Starting with the first line of the data below, copy each line up to and including the one containing "2025 in Karlsruhe". Pictures stay out.

--- START ---

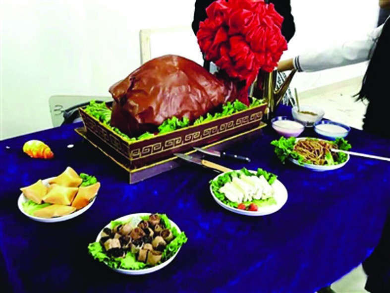 皮革制作的海鲜 皮革制作的蛋糕 “烤全羊” 皮革制作的比萨 皮革制作的牛排 澳洲西冷牛排、番茄肉酱意大利面、部队火锅、烤全羊、烤肉、甜点提拉米苏……看到这些诱人的菜名,大家会不会以为来到了一家西餐厅?不过,告诉您,制作这些“美食”的,并不是餐厅的厨师,而是来自内蒙古师范大学民族艺术学院2014级产品设计(民族工艺)专业的同学们。“饕餮盛宴”选用的“食材”也很特殊,它们竟然是——皮革。 说起用皮革制作“美食”,其实与同学们的专业有着密不可分的关系。今年大三的贺正阳参与了海鲜美食的制作,他向媒体记者介绍,因为学习的是民族工艺产品设计,所以他和同学们从大二开始接触皮革,曾经制作过皮包、箱包等工艺品。后来老师建议,想让皮革制作变得更有创意,于是大家想到了用皮革来制作美食工艺品。他们设计了西餐、海鲜、甜点、蒙餐、法餐等几个主题。制作前,他们既考虑到美食的特色性,又考虑到使用皮革制作的可能性,希望通过精心的制作,让更多人感受到皮革的魅力。 通过同学和老师们的不懈努力,一盘盘色香味俱全的“美食”就呈现在了大家的面前:彩虹蛋糕、烤全羊、肥牛、芝士、年糕、香菇、蔬菜、培根等等,非常逼真,让人一看就食欲大增。 对于同学们的创意,内蒙古师范大学民族艺术学院美术系主任阿古达木表示,强调学、研、产相结合的办学模式,是民族艺术学院的教学特色。这次老师和同学们一起创意并制作了“皮革美食”的系列作品,让同学们在实践中感受到了植鞣皮传统手工艺。这样既可以让同学们运用所学的皮革手工艺技法,又开发了同学们的想象力。 (呼 晚)
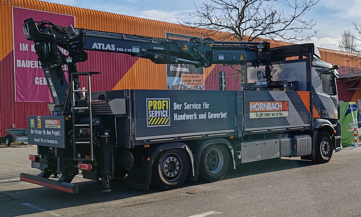 =MB-Kranfahrzeug der Baumarktkette HORNBACH mit ATLAS-Ladekran steht im Januar 2025 in Karlsruhe
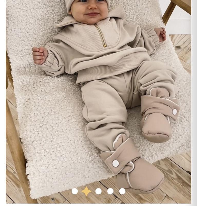 Чобітки-пінетки зимові/холодна осінь Розмір на 6-12 місяців Ідеально підходить для малюків, що ще не ходять і супер легко та швидко одягається. В ідеальному стані. Для дівчаток та хлопчиків, нейтральний бежевий колір. Склад - 100% поліестер Матеріал - Плащівка Підкладка - Фліс Застібка - Кнопки Утеплювач - Силіконізований синтепон Сезон - Осінь/Зима
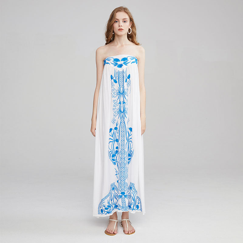 Beth Dutton Bohemian Summer Spring Midi Dress Embroidered Tube Top Dress
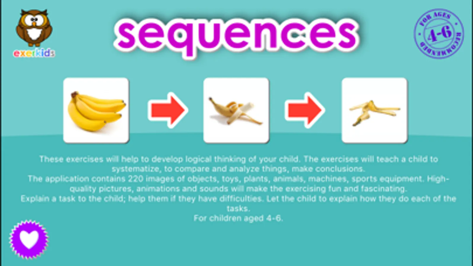 The application contains 220 images of objects, toys, plants, animals, machines, sports equipment. High-quality pictures, animations and sounds will make the exercising fun and fascinating.
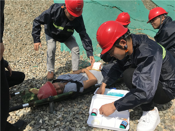 本場演練模擬了開發(fā)區(qū)砂石場內(nèi)因大雨導致堆料場一側(cè)發(fā)生坍塌,造成其中一名職工被部分掩埋。對此,鴻瑞公司應急救援指揮部在接到報告后立即組織各應急救援小組開展救援工作,不僅成功救出被掩埋職工,更是第一時間將其送往縣醫(yī)院醫(yī)治。
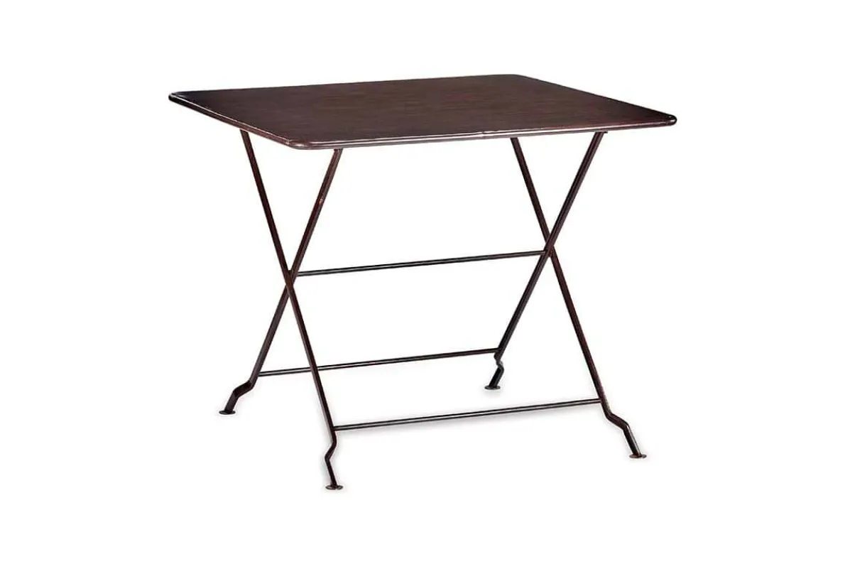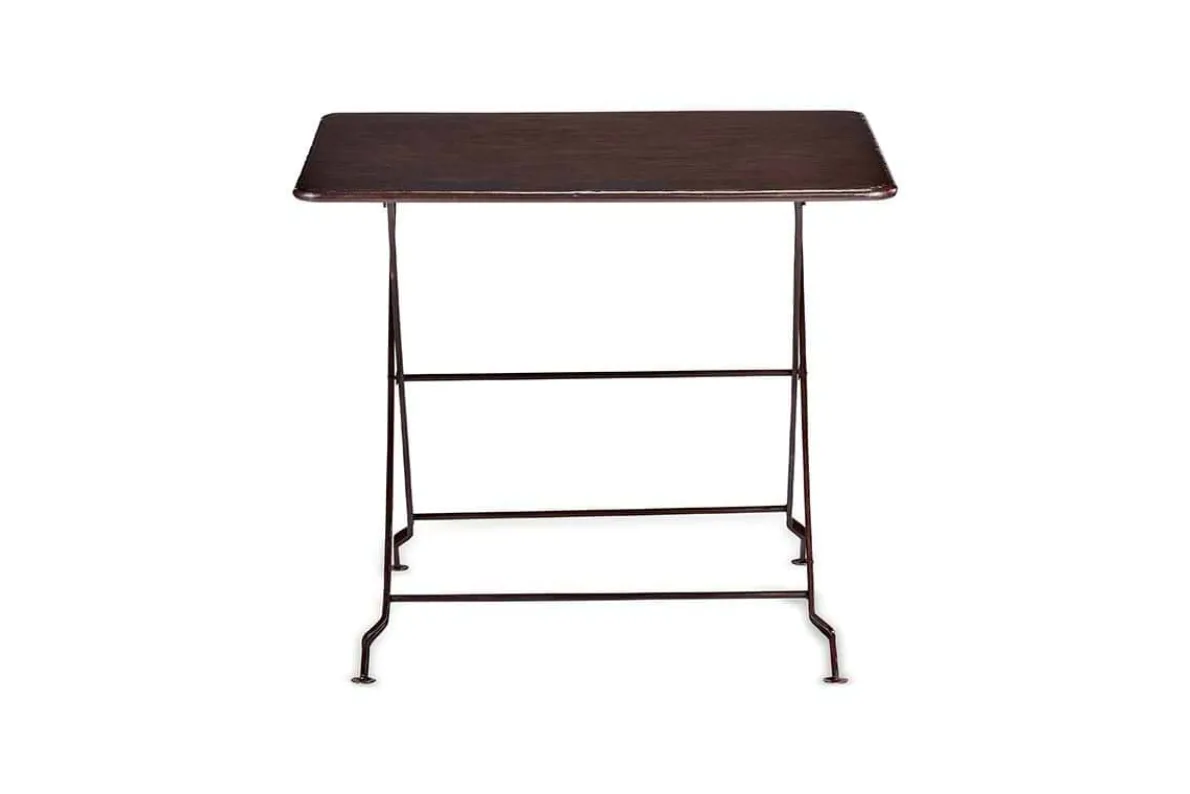 Industrial iron forms the basis of our striking Ekete bistro table. Designed to seat four adults, this practical piece has a characterful distressed tabletop. The table folds neatly away for tidy storage.

--- END ---

_Result of this task_.
 皮革制作的海鲜 皮革制作的蛋糕 “烤全羊” 皮革制作的比萨 皮革制作的牛排 澳洲西冷牛排、番茄肉酱意大利面、部队火锅、烤全羊、烤肉、甜点提拉米苏……看到这些诱人的菜名,大家会不会以为来到了一家西餐厅?不过,告诉您,制作这些“美食”的,并不是餐厅的厨师,而是来自内蒙古师范大学民族艺术学院2014级产品设计(民族工艺)专业的同学们。“饕餮盛宴”选用的“食材”也很特殊,它们竟然是——皮革。 说起用皮革制作“美食”,其实与同学们的专业有着密不可分的关系。今年大三的贺正阳参与了海鲜美食的制作,他向媒体记者介绍,因为学习的是民族工艺产品设计,所以他和同学们从大二开始接触皮革,曾经制作过皮包、箱包等工艺品。后来老师建议,想让皮革制作变得更有创意,于是大家想到了用皮革来制作美食工艺品。他们设计了西餐、海鲜、甜点、蒙餐、法餐等几个主题。制作前,他们既考虑到美食的特色性,又考虑到使用皮革制作的可能性,希望通过精心的制作,让更多人感受到皮革的魅力。 通过同学和老师们的不懈努力,一盘盘色香味俱全的“美食”就呈现在了大家的面前:彩虹蛋糕、烤全羊、肥牛、芝士、年糕、香菇、蔬菜、培根等等,非常逼真,让人一看就食欲大增。 对于同学们的创意,内蒙古师范大学民族艺术学院美术系主任阿古达木表示,强调学、研、产相结合的办学模式,是民族艺术学院的教学特色。这次老师和同学们一起创意并制作了“皮革美食”的系列作品,让同学们在实践中感受到了植鞣皮传统手工艺。这样既可以让同学们运用所学的皮革手工艺技法,又开发了同学们的想象力。 (呼 晚)
 =MB-Kranfahrzeug der Baumarktkette HORNBACH mit ATLAS-Ladekran steht im Januar 2025 in Karlsruhe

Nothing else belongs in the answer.